Dec. 28th, 2000

elvendoll: (Default)
i've been sick to my stomach on and off for over 2 days now.
it'd been coming and going... and whenever i went, it hought maybe a little of it was in my head, that its not that baad after all.
well, now i know different.
i went out to manray last night, and to keep myself awake, i was drinking water.
i started feeling sick & went home to get to bed, as i don't feel sick while i am sleeping. or so i thought.
good thing i've also been keeping a plastic bag by the bed just in case.
at 3am, i started throwing up.
it didn't last long - i was not in the mood to spend the night in front of the toilet, and didn't give myself any water, just forced myself back to sleep.
now i am up. and starting to drink water.
i am nauseaous, and will prolly start throwing up again soon. and i am so dreading it.

today is definately a day i wish my mommy was here to take care of me.
elvendoll: (Default)
i've got hiccups galore, but i think maybe the nausea is out of my system.

it took like 5 cups of water, and unmnetionable amount of barfing and dry heaving, 2 cups of tea with 2 pieces of toast, half a russian pill, and a cup of pedialite mixed with ginger ale.
and thats just today.
i've felt sick to my stomach ever since sunday night.
i am pretty convinced that that pasta sauce must've ben meat based, because thats what i was throwing up, and anything else i shouldn't have had any problems digesting.
bleagh.
now i am all kinds of tried.
i have so many errands that need to be run, and i doubt i will do any of them. just go to bed and chill for a while.

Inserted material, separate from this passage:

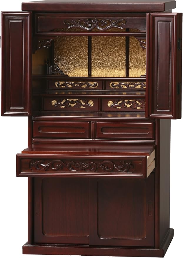 彫刻入り仏壇はエレガントで美しい本格的な彫刻が施され、リーズナブルな価格ながらも高級感が漂う仏壇です。床置きタイプの中でもコンパクトなサイズであり、大型の仏壇と比べても圧迫感をあまり感じさせません。

and i am so gratefult o bill for taking care of me through this. i feel shitty for having asked him to stay home today, but i was very sick and didn't feel comfortable being home alone considering the type of sick it was. if its just a cold or flu, i can take care of myself... but throwing up is dangerous to begin with, and really drains me of any energy, and i was considering going to the emergency room, too.

blah.
i just want to feel all better again.
and to have the energy to do all the things i need to do.. especially the cleaning the room part!